[Recorded data]
★ ★ ★

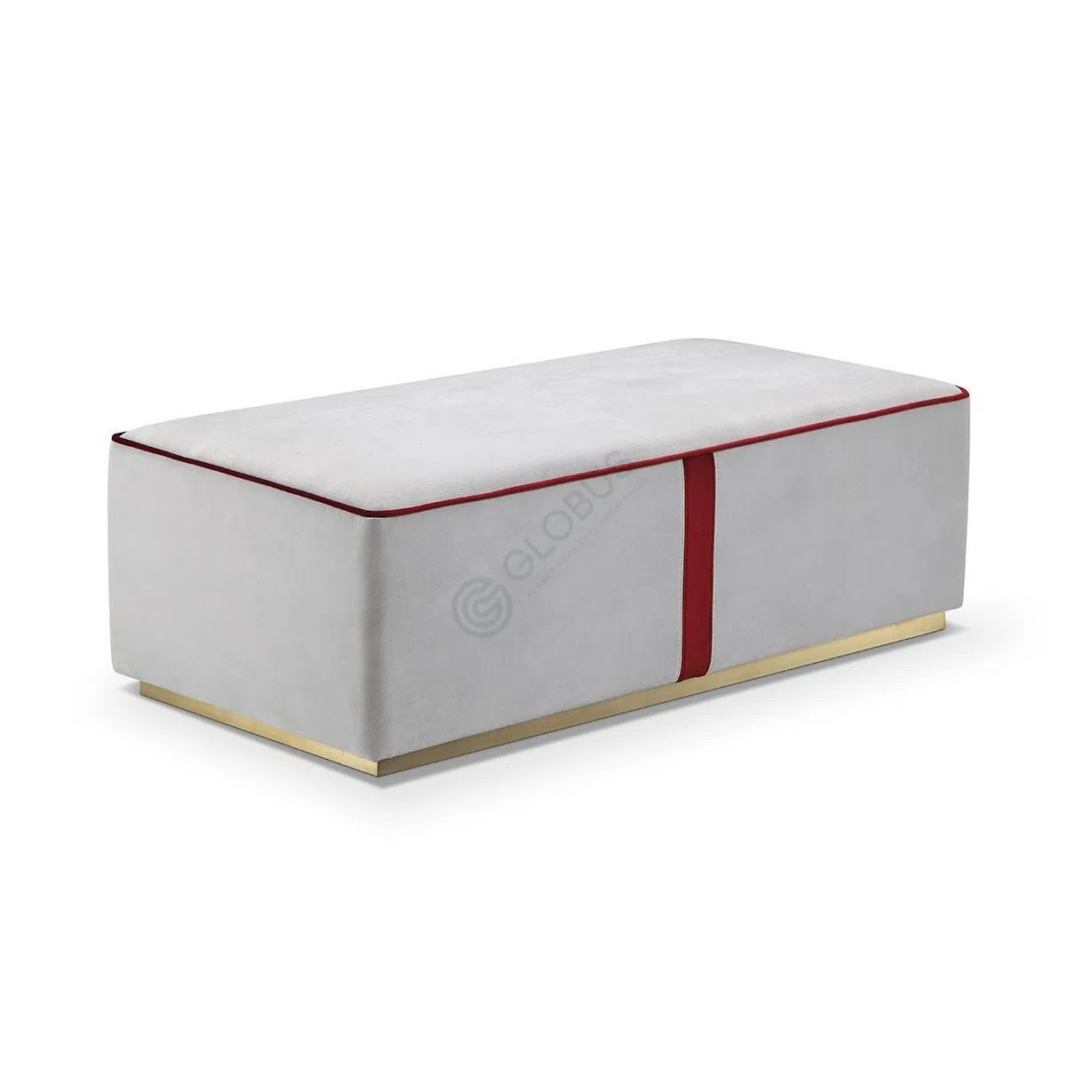 A vibrant red piping neatly outlines the transition between the two fabrics, adding a subtle line of color that defines the armchair's inviting shape. The design is grounded and compact, featuring a rounded base that contributes to its contemporary aesthetic.
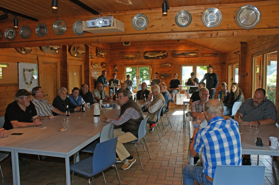 28 Teilnehmer erfuhren einiges über die bisher geleisteten Arbeitsstunden der Mitglieder und des Vorstandes. 135 Mitglieder leisteten bisher 791 Stunden für die Pflege der Gewässer und dem repräsentativen Eindruck von unserem Vereinsgelände. An 10 Sonderdiensten nahmen 33 Mitglieder teil. Dazu zählt der allgemeine Fischbesatz, Baum Fällaktionen, Besatz von Quappen-Brut und vorgestreckten Quappen, sowie Besatz von Farmaalen, um nur einige Sonderdienste zu nennen. In diesem Jahr wächst das Gras bei dem feucht-warmen Wetter besonders gut und die Gewässerwarte sind dankbar um jede Unterstützung der Mitglieder.
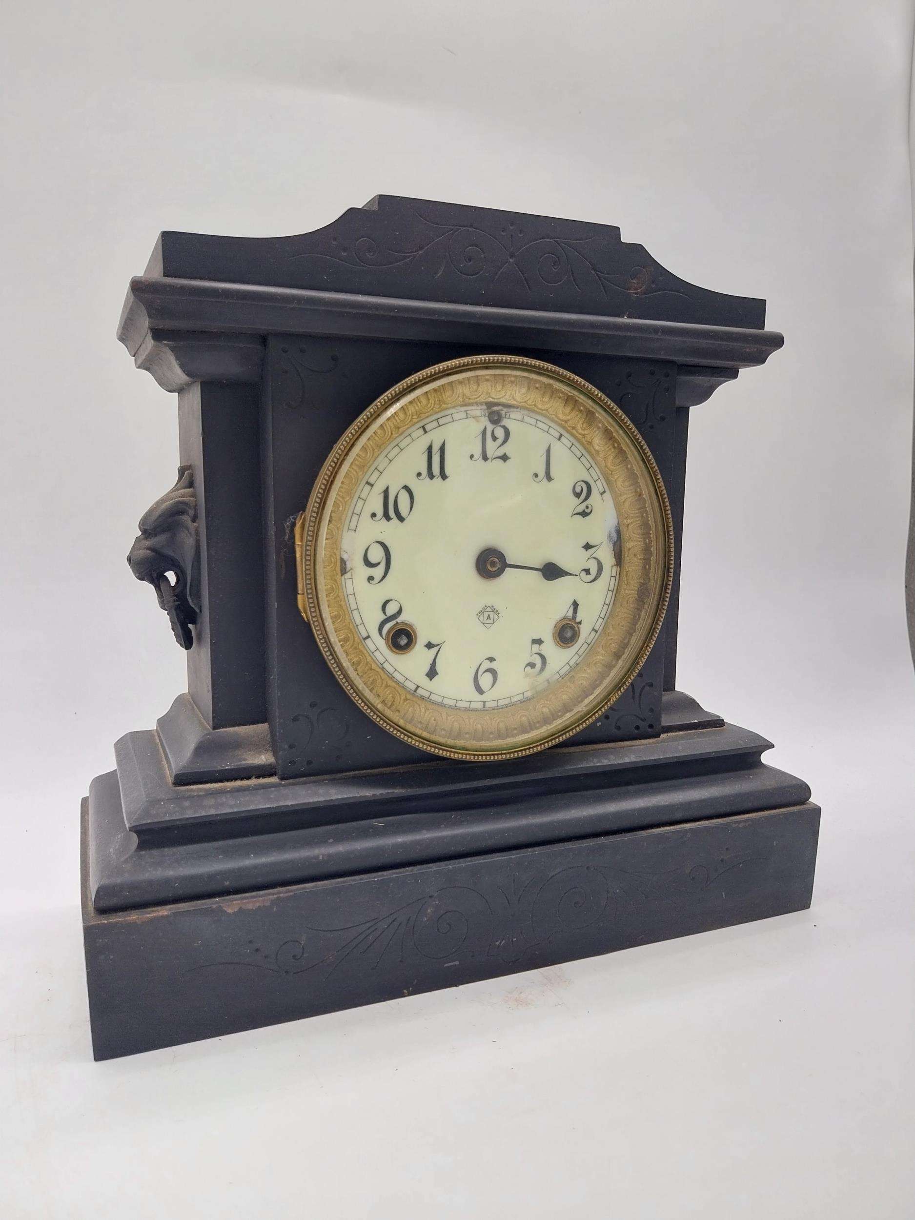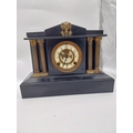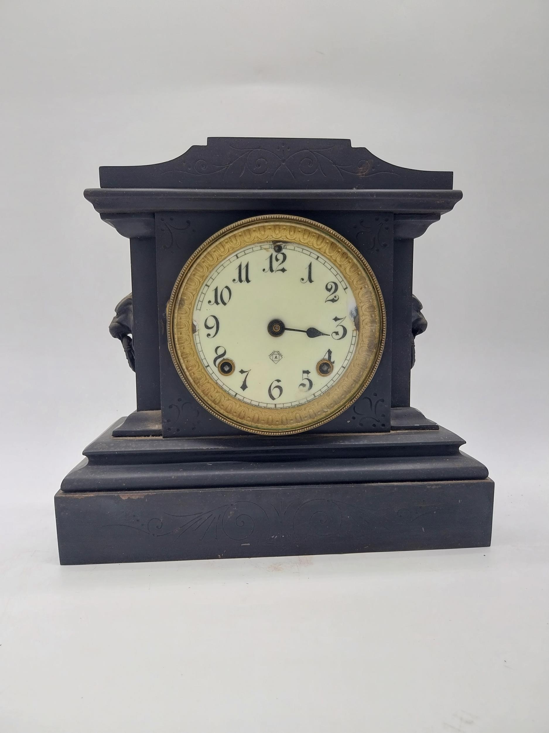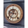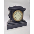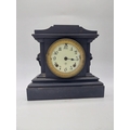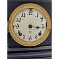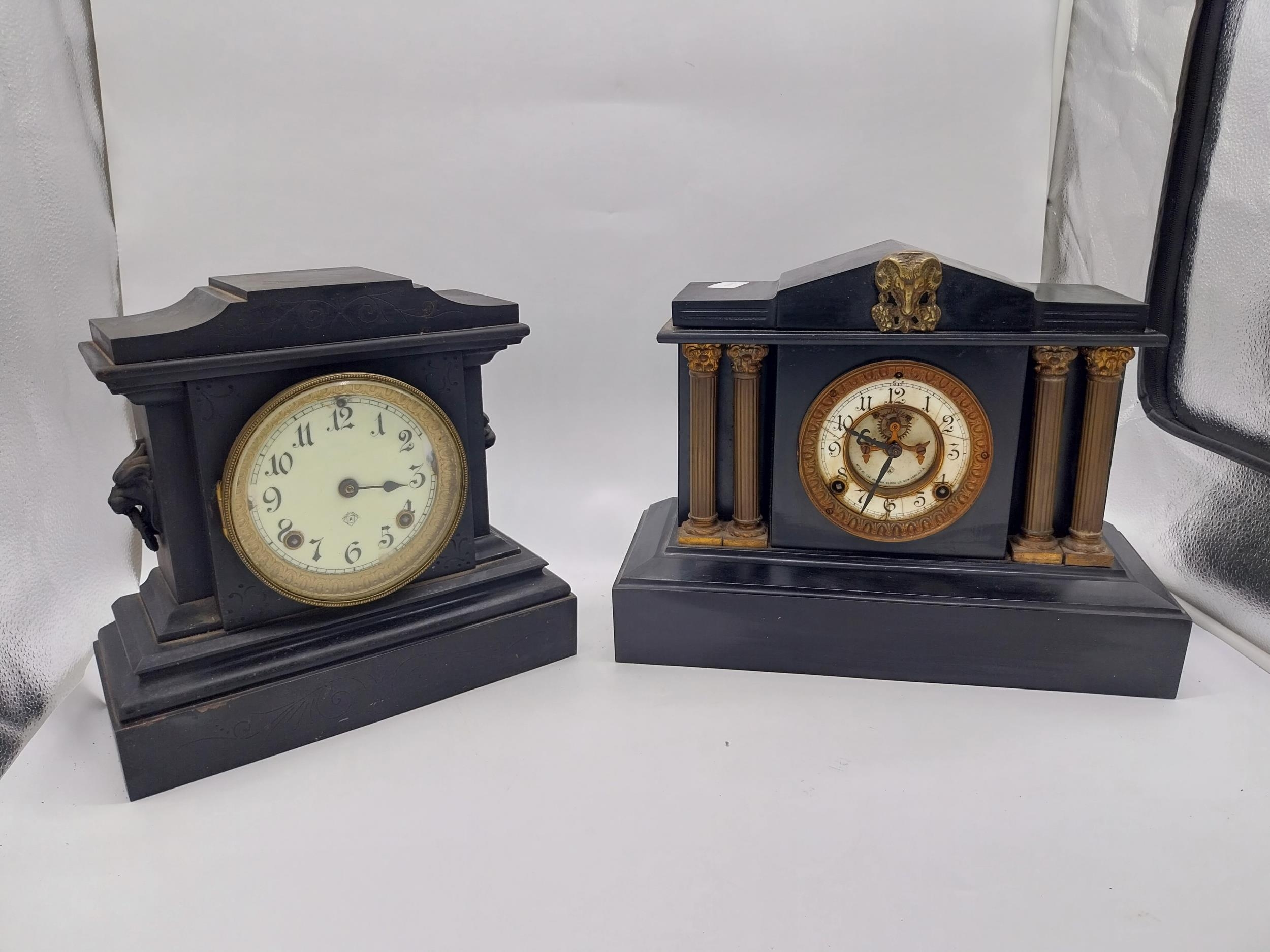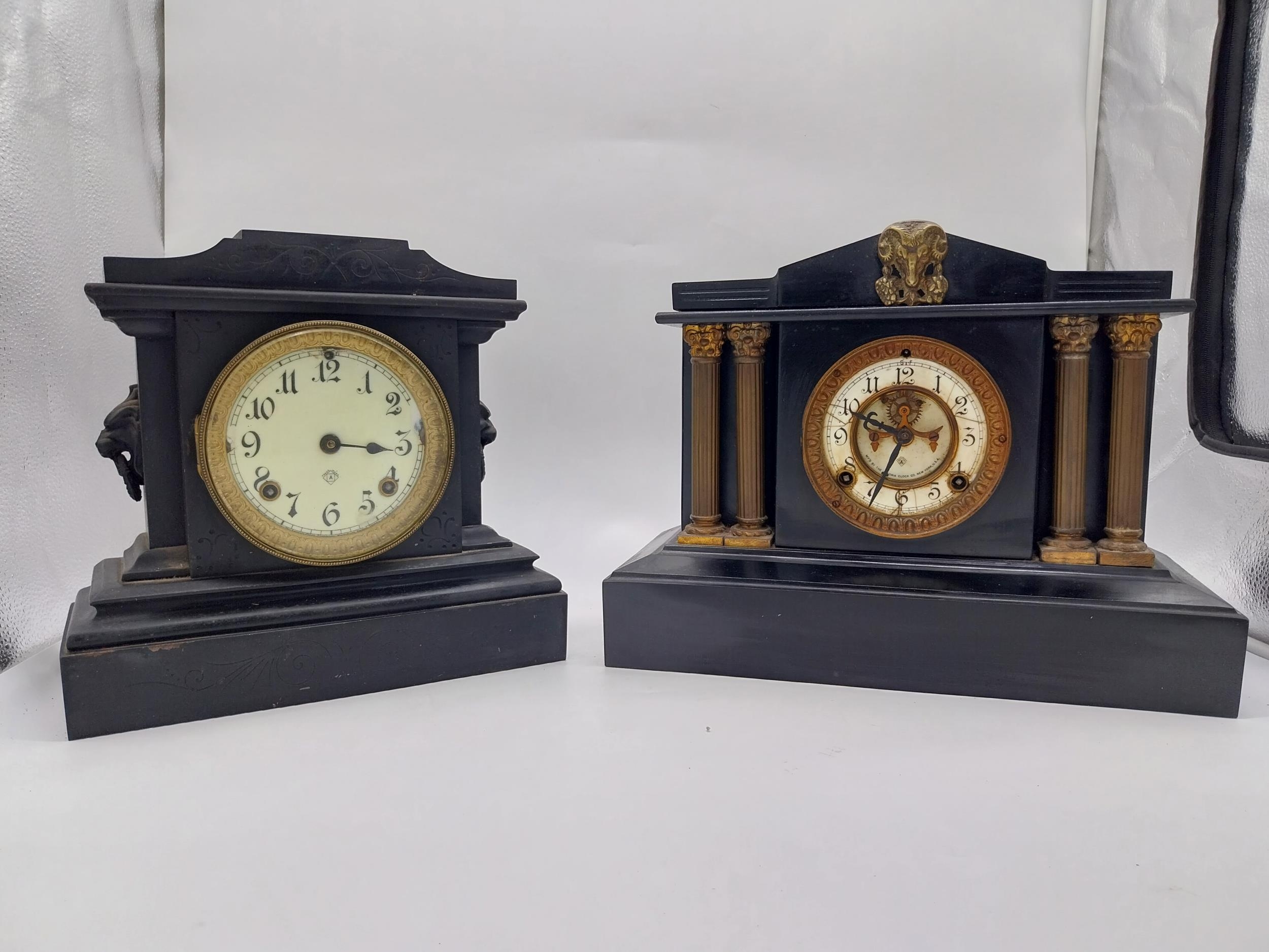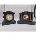 Two 19th C. slate mantle clocks with enamel dials {30 cm H x 38 cm W x 16 cm D and 28 cm H x 29 cm W x 12 cm D}.
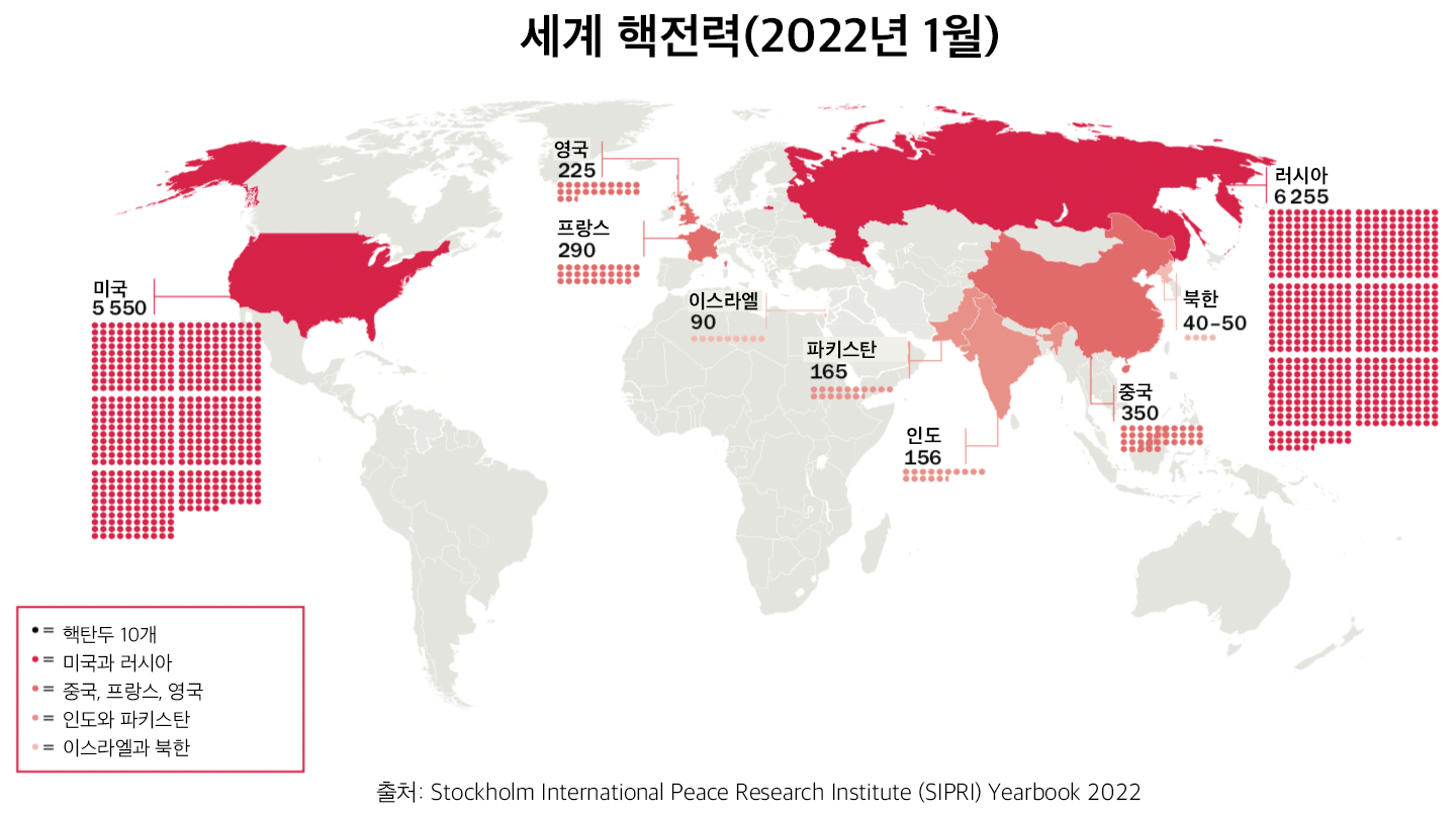 각국의 보유 핵무기의 정확한 수는 국가 기밀이므로 여기에 제시된 추정치는 상당한 불확실성을 가지고 있다. 비밀의 정도도 나라마다 상당히 다르다. 2010년과 2018년 사이에 미국은 총 비축 규모를 공개했지만, 2019년 트럼프 행정부는 그 관행을 중단했다. 다행히 2020년 바이든 행정부는 핵 투명성을 회복했다. 대부분의 핵무장 국가는 기본적으로 그들의 핵 비축량에 대한 정보를 제공하지 않는다. 때문에 기관별로 추정치는 다를 수 있다. 스톡홀름 국제평화연구소 (Stockholm International Peace Research Institute, SIPRI)는 미국의 핵탄두를 5,550개, 러시아는 6, 255, 북한은 약 40-50개로 추정하지만 FAS는 미국과 러시아, 북한의 핵탄두를 각각 5,428개, 5,977개, 20개로 추정해 차이가 있다.
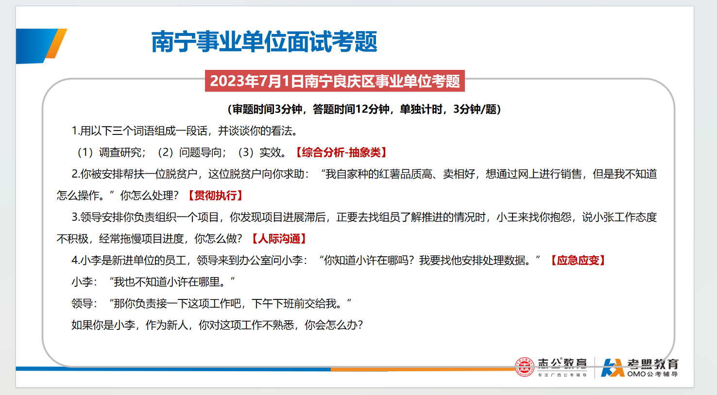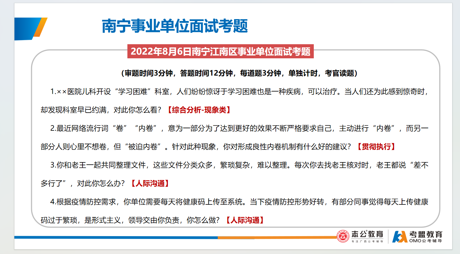 南寧事業(yè)單位面試主要采用結(jié)構(gòu)化面試形式、考查題量有3-4題,答題時間為9-12分鐘,考查題型:綜合分析(極高)、計(jì)劃組織(極高)、人際溝通(極高)、應(yīng)急應(yīng)變(一般)、貫徹執(zhí)行(一般)、自我認(rèn)知(一般):

★ ★ ★

Your answer must be an exact copy of the records, with every picture left out.

Solution to this problem
 A vibrant red piping neatly outlines the transition between the two fabrics, adding a subtle line of color that defines the armchair's inviting shape. The design is grounded and compact, featuring a rounded base that contributes to its contemporary aesthetic.
 28 Teilnehmer erfuhren einiges über die bisher geleisteten Arbeitsstunden der Mitglieder und des Vorstandes. 135 Mitglieder leisteten bisher 791 Stunden für die Pflege der Gewässer und dem repräsentativen Eindruck von unserem Vereinsgelände. An 10 Sonderdiensten nahmen 33 Mitglieder teil. Dazu zählt der allgemeine Fischbesatz, Baum Fällaktionen, Besatz von Quappen-Brut und vorgestreckten Quappen, sowie Besatz von Farmaalen, um nur einige Sonderdienste zu nennen. In diesem Jahr wächst das Gras bei dem feucht-warmen Wetter besonders gut und die Gewässerwarte sind dankbar um jede Unterstützung der Mitglieder.
 Two 19th C. slate mantle clocks with enamel dials {30 cm H x 38 cm W x 16 cm D and 28 cm H x 29 cm W x 12 cm D}.
 각국의 보유 핵무기의 정확한 수는 국가 기밀이므로 여기에 제시된 추정치는 상당한 불확실성을 가지고 있다. 비밀의 정도도 나라마다 상당히 다르다. 2010년과 2018년 사이에 미국은 총 비축 규모를 공개했지만, 2019년 트럼프 행정부는 그 관행을 중단했다. 다행히 2020년 바이든 행정부는 핵 투명성을 회복했다. 대부분의 핵무장 국가는 기본적으로 그들의 핵 비축량에 대한 정보를 제공하지 않는다. 때문에 기관별로 추정치는 다를 수 있다. 스톡홀름 국제평화연구소 (Stockholm International Peace Research Institute, SIPRI)는 미국의 핵탄두를 5,550개, 러시아는 6, 255, 북한은 약 40-50개로 추정하지만 FAS는 미국과 러시아, 북한의 핵탄두를 각각 5,428개, 5,977개, 20개로 추정해 차이가 있다.
 南寧事業(yè)單位面試主要采用結(jié)構(gòu)化面試形式、考查題量有3-4題,答題時間為9-12分鐘,考查題型:綜合分析(極高)、計(jì)劃組織(極高)、人際溝通(極高)、應(yīng)急應(yīng)變(一般)、貫徹執(zhí)行(一般)、自我認(rèn)知(一般):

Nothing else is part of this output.